1. Amazon has just pulled the veil from its music locker-in-the-cloud system only to run into organizational and potential legal trouble. It's Sony Music this time, angry that Amazon's use of cloud streaming to clients is denying it potential royalty income. Amazon says "meh!" and alleges all it's doing is supplying client's own MP3 files--which they've already paid for--back to them. It's the same issue that's apparently dogged Apple's similar iTunes plans. Will Sony pull its tracks from Amazon? Will we miss them?
2. Windows 7 may still seem like a brand new product, but Windows 8 is already in-bound: According to new rumors, Microsoft has just started delivering early copies of the OS to trusted OEM partners (which means it's probably only a matter of time 'til it appears on torrent sites). We know very little about the OS, other than rumors that say it's due in September and has a 3-D interface.

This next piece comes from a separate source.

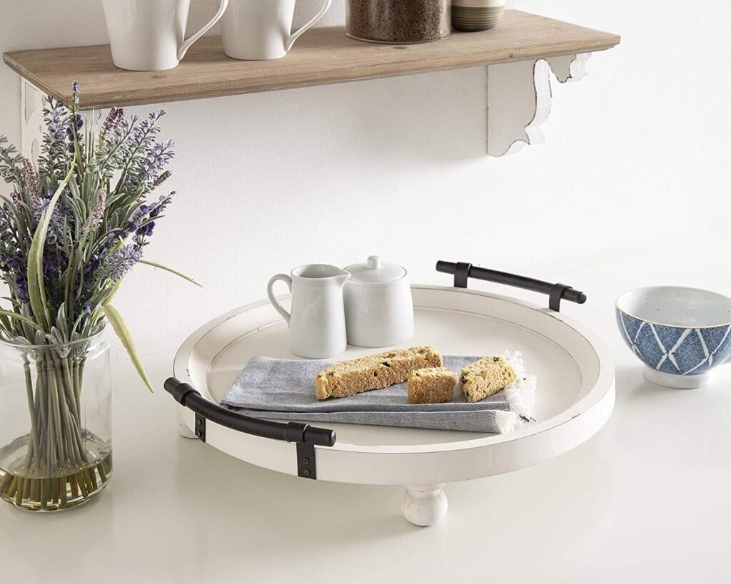 Whether you want to serve breakfast in style or you want to dress up your coffee table with some small knick-knacks, this tray is a great addition. It has an antique look with beautiful rustic finishes, making it ideal for anyone with the farmhouse aesthetic.

3. Late yesterday Google added a facility to Android that finally brings it up to pace with Apple's effort: In-app billing. According to Google, the facility gives developers "more ways to monetize your apps with try-and-buy, virtual goods, upgrades and other billing models." The search giant has released a suite of tools to help developers put the system in action, and highlights security.
4. The "Comodo" web security certificate hack that excited the tech world the other day, and was then revealed to be the work of a lone Iranian hacker, has now attracted the attention of the FBI. The hack affected giant names like Google and Yahoo, which explains the high profile legal scritiny--this also includes the Italian authorities--as does the fact that the hack was clever enough to use a loophole that has no automatic facility to fix.
5. Pretty much putting the seal on the idea that NFC wireless credit cards are coming very soon, it's emerged that Windows Phone 7 may be getting the ability to process payments using NFC tech in a future update. Given the projected multi-billion-dollar size of the predicted wireless pay market and recent suggestions Win Phone could capture 20% of the smartphone market, the reasons why are clear.